Annotation with prokka
The multiplex capability and high yield of current day DNA-sequencing instruments has made bacterial whole genome sequencing a routine affair. The subsequent de novo assembly of reads into contigs has been well addressed. The final step of annotating all relevant genomic features on those contigs can be achieved slowly using existing web- and email-based systems, but these are not applicable for sensitive data or integrating into computational pipelines. Prokka is a command line software tool to fully annotate a draft bacterial genome in about 10 min on a typical desktop computer. It produces standards-compliant output files for further analysis or viewing in genome browsers.

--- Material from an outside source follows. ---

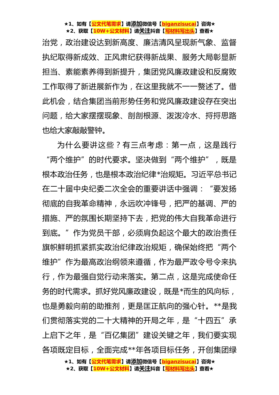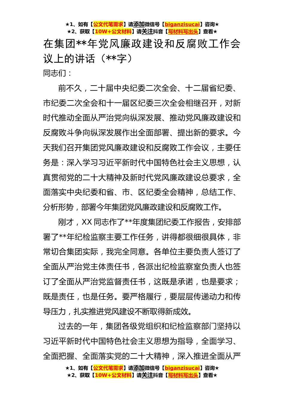★1、如有【公文代笔需求】请添加微信号【biganzisucai】咨询★★2、获取【10W+公文材料】请关注抖音【写材料写出头】查看★在集团**年党风廉政建设和反腐败工作会议上的讲话(**字)同志们:前不久,二十届中央纪委二次全会、十二届省纪委、市纪委二次全会和十一届区纪委三次全会相继召开,对新时代推动全面从严治党向纵深发展、推动党风廉政建设和反腐败斗争向纵深发展作出全面部署、提出新的要求。今天我们召开集团党风廉政建设和反腐败工作会议,主要任务是:深入学习习近平新时代中国特色社会主义思想,认真贯彻党的二十大精神及新时代党风廉政建设总要求,全面落实中央纪委和省、市、区纪委全会精神,总结工作、分析形势,部署今年集团党风廉政建设和反腐败工作。刚才,XX同志作了**年度集团纪委工作报告,...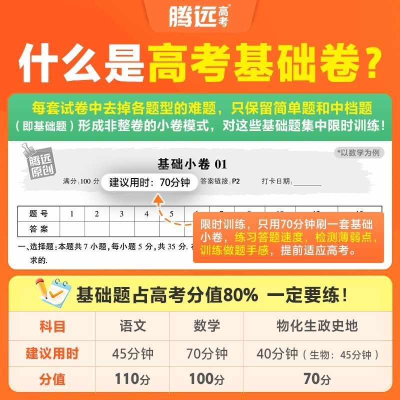2025新版腾远基础卷高考模拟卷数学100分政治历史40分钟物理化学生物地理语文110分基础试题新教材新高考万唯高考卷总复习资料通用

prokka is pretty straightforward to use, however, it needs the sequence in unzipped fasta format. Unzip the bin file again:
gunzip /mnt/WGS-data/megahit_out/metabat/bin.*.fa.gz
Check the taxonomy of your bin again, we need the kingdom to call prokka correctly. It probably is a Bacteria (if not, change accordingly to archaea). Then we call Prokka with the bin sequence, the kingdom and specify an output directory:
prokka --kingdom bacteria --cpus 28 /mnt/WGS-data/megahit_out/metabat/bin.*.fa --outdir /mnt/WGS-data/megahit_out/metabat/prokka
Then have look at the output folder:
ls -l /mnt/WGS-data/megahit_out/metabat/prokka
It contains``.gff`` file that we will use along with the bin fasta file to generate an EMBL compatible flat file now.
Create an EMBL flat file
Unfortunately, prokka does not produce a format, that we can submit to ENA. However, we have all the information we need in the bin fasta and gff3 files. An EMBL compatible flat file can be generated using the tool EMBLmyGFF3.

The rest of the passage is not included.